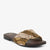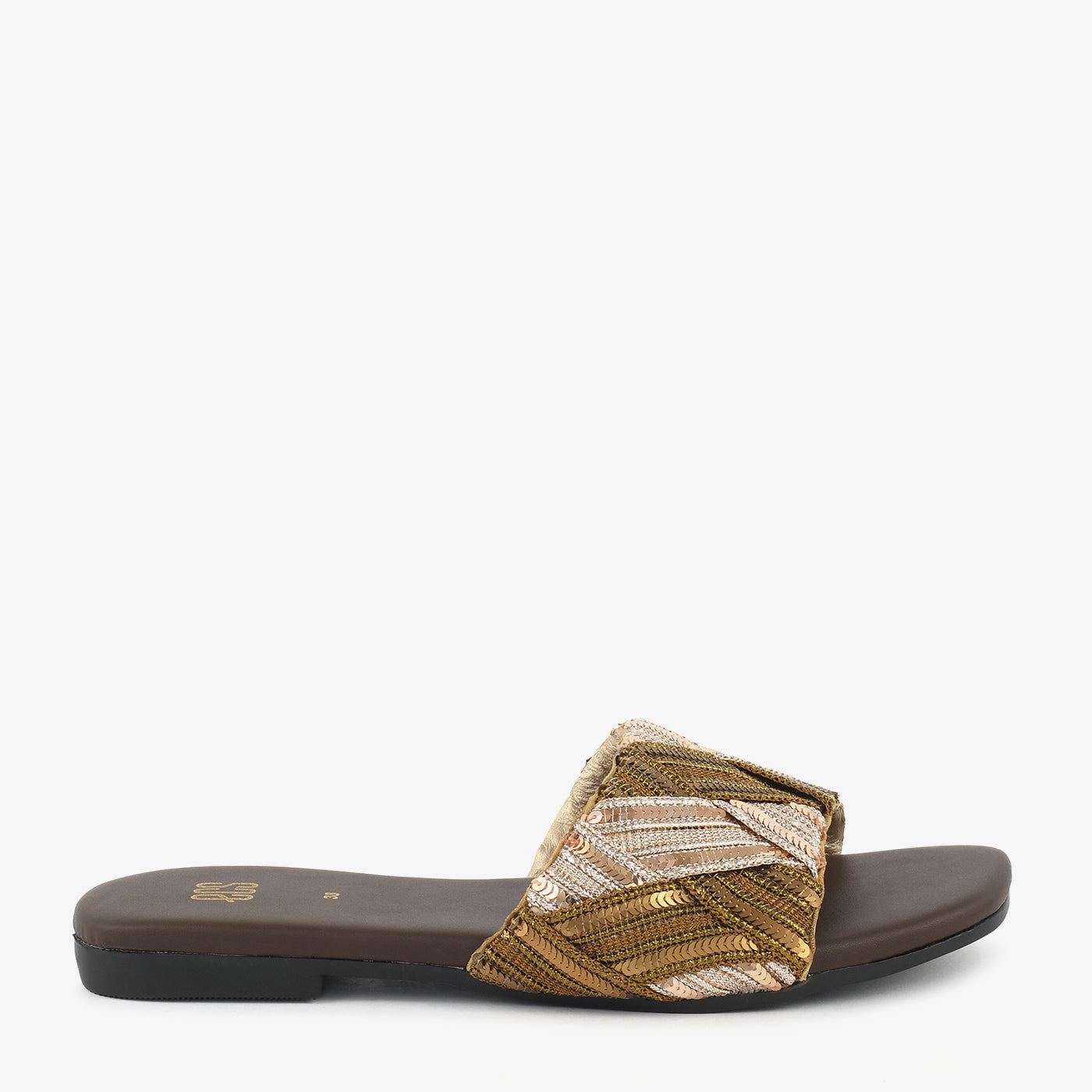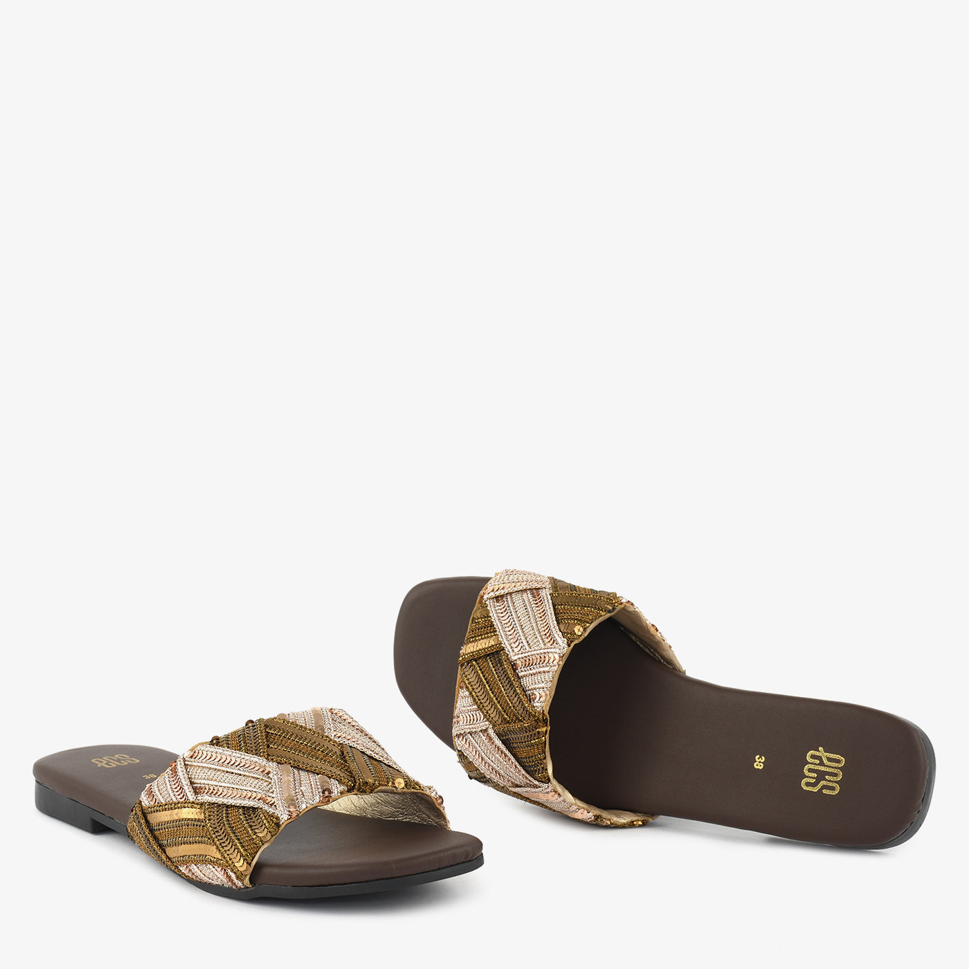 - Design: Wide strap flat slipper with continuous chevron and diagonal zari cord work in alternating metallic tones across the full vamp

┄┄┄┄┄┄┄┄┄┄┄┄┄┄┄┄┄┄┄┄

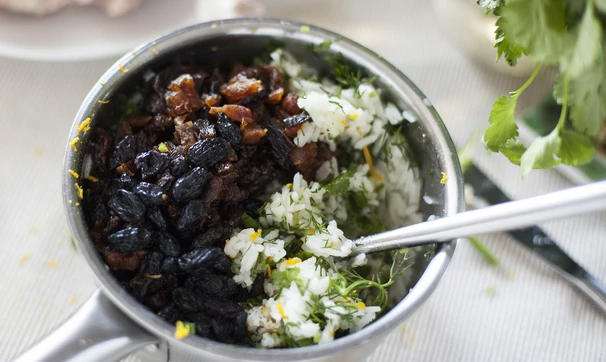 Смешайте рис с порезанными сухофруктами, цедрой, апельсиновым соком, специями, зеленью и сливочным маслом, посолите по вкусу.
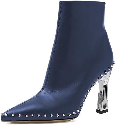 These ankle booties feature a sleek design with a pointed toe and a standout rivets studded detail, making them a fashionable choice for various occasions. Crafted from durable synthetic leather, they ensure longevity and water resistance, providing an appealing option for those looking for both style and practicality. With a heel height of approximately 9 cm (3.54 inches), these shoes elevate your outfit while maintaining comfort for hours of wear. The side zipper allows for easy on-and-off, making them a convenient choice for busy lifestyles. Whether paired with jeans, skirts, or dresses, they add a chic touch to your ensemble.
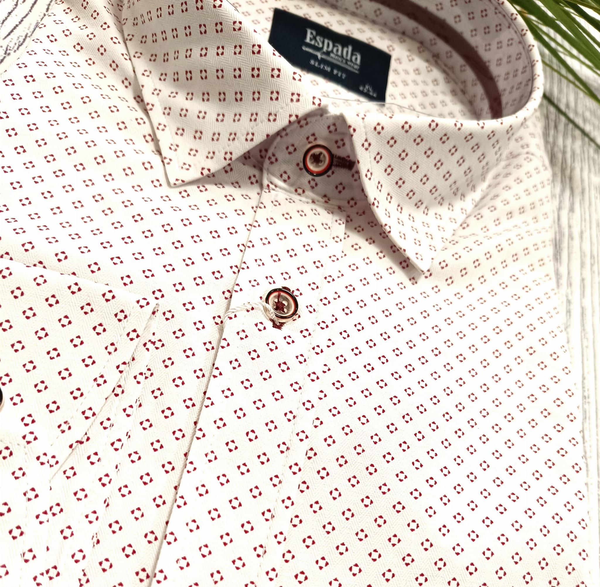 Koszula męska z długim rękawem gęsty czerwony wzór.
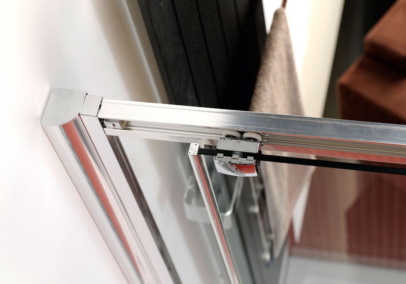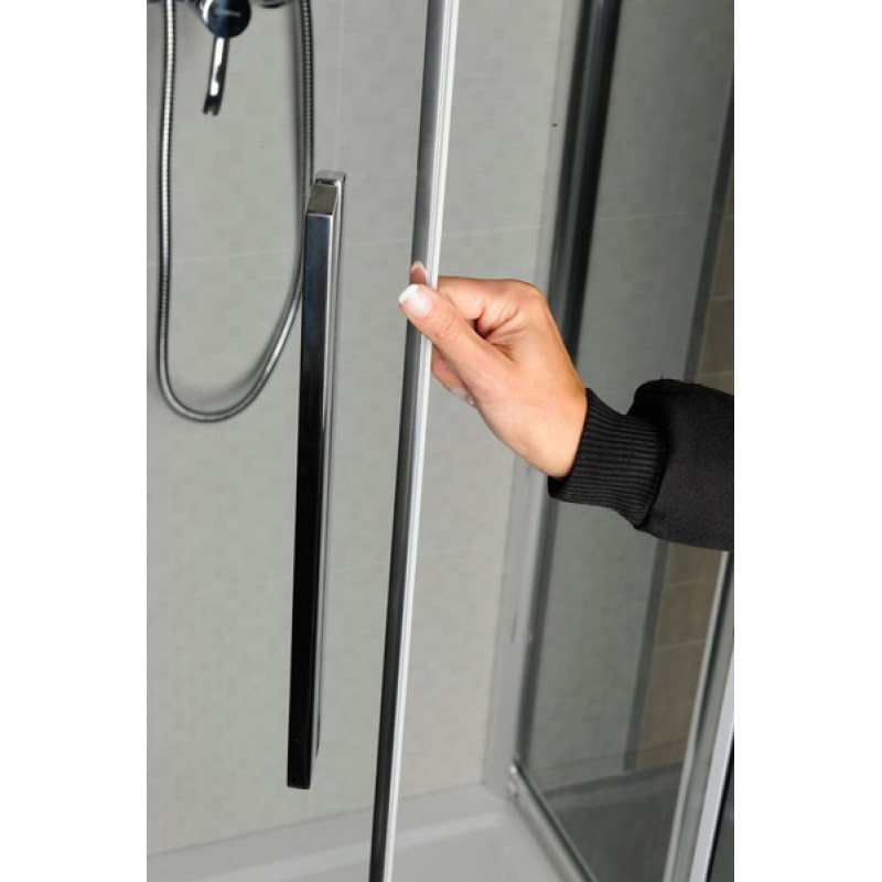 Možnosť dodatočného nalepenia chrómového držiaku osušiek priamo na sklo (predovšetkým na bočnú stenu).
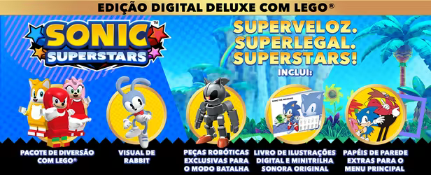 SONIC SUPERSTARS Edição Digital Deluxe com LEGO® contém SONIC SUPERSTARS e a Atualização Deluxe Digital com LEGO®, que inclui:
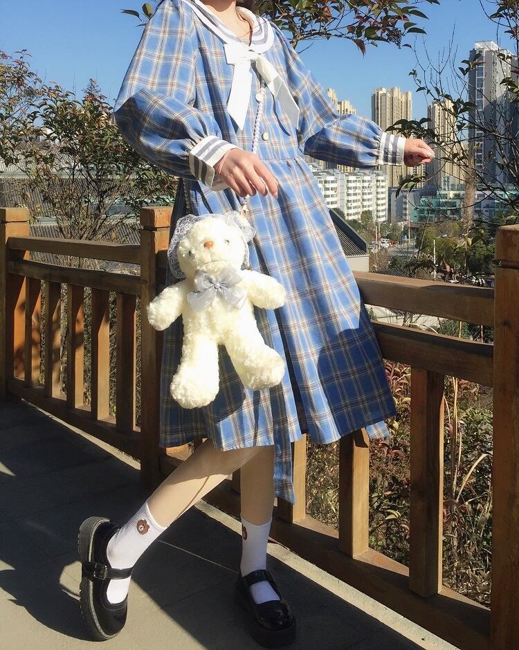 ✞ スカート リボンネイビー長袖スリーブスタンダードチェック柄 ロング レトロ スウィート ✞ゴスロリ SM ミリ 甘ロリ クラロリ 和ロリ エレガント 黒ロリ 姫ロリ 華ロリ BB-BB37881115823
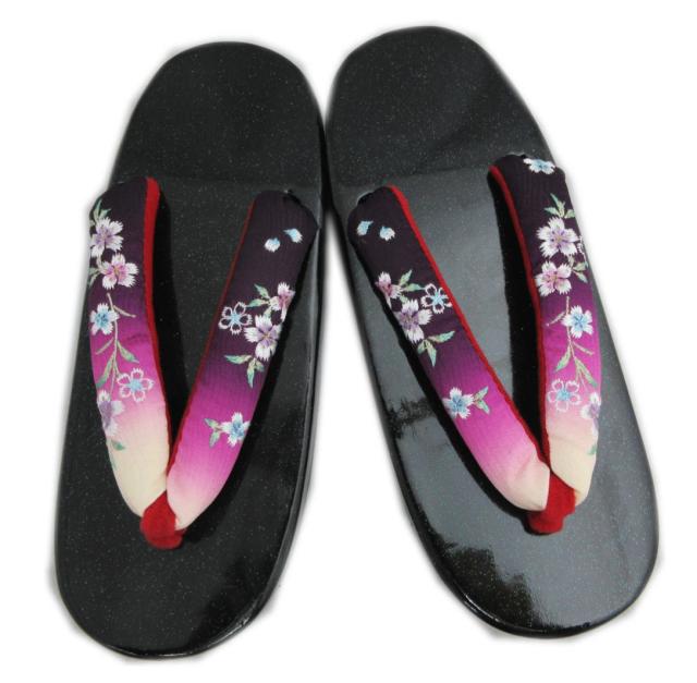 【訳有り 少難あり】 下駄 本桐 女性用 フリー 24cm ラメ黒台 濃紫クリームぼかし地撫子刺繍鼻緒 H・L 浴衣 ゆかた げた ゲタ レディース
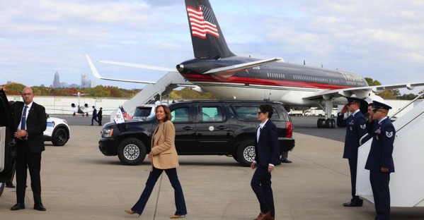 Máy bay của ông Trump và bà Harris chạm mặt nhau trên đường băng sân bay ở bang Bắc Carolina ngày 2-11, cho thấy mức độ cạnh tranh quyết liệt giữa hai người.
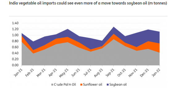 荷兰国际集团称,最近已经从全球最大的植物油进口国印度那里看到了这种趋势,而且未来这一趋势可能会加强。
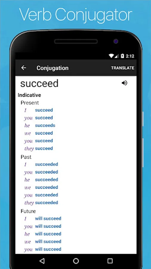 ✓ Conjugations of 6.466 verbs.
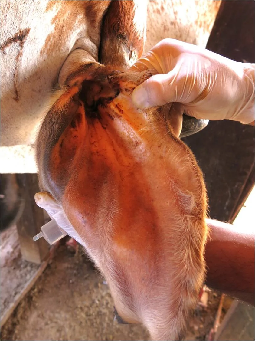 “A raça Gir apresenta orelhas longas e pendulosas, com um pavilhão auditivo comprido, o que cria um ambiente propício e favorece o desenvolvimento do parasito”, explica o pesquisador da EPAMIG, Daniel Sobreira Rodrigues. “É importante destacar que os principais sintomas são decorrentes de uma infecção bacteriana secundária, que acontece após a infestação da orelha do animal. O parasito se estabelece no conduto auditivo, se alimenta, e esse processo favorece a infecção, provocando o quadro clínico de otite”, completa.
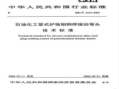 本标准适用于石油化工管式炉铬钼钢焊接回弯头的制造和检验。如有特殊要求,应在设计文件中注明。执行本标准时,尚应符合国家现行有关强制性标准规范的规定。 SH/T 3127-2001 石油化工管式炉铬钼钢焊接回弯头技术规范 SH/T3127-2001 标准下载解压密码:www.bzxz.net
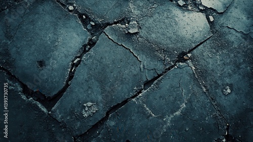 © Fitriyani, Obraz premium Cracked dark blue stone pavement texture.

┄┄┄┄┄┄┄┄┄┄┄┄┄┄┄┄┄┄┄┄

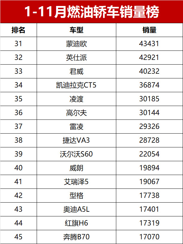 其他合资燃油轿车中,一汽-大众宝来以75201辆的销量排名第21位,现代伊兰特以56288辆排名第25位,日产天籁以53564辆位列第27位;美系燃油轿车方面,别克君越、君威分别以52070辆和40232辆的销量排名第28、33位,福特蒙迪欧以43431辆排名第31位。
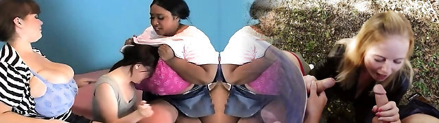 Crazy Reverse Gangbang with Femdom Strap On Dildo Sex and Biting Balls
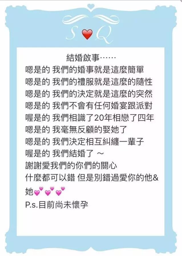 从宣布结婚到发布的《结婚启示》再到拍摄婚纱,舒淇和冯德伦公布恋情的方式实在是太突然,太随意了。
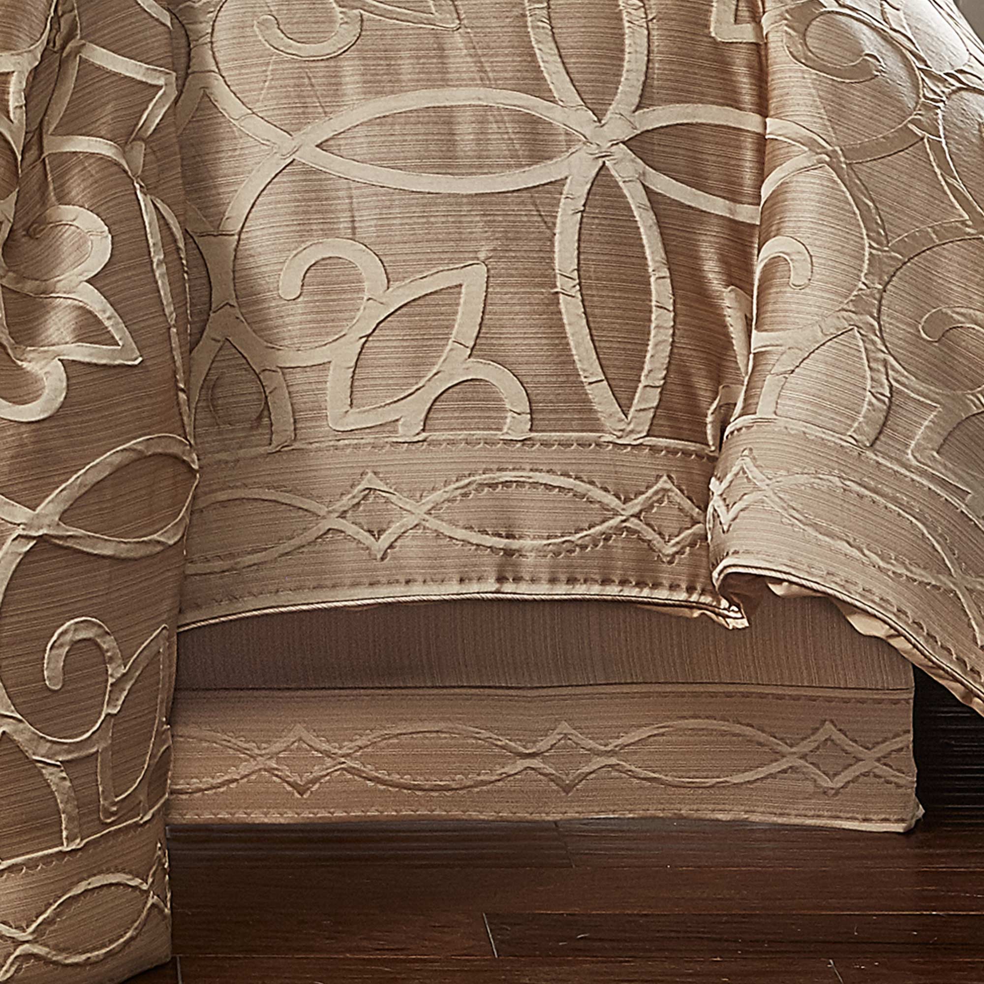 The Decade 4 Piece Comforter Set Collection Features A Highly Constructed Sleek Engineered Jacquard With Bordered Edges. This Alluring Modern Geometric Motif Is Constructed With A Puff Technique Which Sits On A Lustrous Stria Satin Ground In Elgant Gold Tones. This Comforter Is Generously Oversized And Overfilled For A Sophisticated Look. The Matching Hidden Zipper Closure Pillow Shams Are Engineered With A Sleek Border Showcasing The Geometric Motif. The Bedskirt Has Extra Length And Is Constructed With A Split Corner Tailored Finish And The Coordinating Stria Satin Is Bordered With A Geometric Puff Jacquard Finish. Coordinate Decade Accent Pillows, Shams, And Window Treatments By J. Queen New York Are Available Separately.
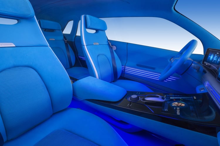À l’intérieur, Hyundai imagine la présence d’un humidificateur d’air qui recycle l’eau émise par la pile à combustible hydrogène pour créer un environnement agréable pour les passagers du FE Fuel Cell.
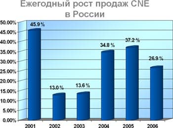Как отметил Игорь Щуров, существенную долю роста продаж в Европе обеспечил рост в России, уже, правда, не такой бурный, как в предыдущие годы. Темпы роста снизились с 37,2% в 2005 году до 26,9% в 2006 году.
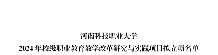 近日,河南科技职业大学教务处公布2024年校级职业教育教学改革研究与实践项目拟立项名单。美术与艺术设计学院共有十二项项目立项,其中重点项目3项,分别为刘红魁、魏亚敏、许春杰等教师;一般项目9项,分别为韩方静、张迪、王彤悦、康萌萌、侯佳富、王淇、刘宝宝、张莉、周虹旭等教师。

┄┄┄┄┄┄┄┄┄┄┄┄┄┄┄┄┄┄┄┄

From the records above, output only the lines starting at the one containing "À l’intérieur, Hyundai" and ending at the one containing "近日,河南科技职业大学教务处", word for word. Pictures stay out.

À l’intérieur, Hyundai imagine la présence d’un humidificateur d’air qui recycle l’eau émise par la pile à combustible hydrogène pour créer un environnement agréable pour les passagers du FE Fuel Cell.
Как отметил Игорь Щуров, существенную долю роста продаж в Европе обеспечил рост в России, уже, правда, не такой бурный, как в предыдущие годы. Темпы роста снизились с 37,2% в 2005 году до 26,9% в 2006 году.
 近日,河南科技职业大学教务处公布2024年校级职业教育教学改革研究与实践项目拟立项名单。美术与艺术设计学院共有十二项项目立项,其中重点项目3项,分别为刘红魁、魏亚敏、许春杰等教师;一般项目9项,分别为韩方静、张迪、王彤悦、康萌萌、侯佳富、王淇、刘宝宝、张莉、周虹旭等教师。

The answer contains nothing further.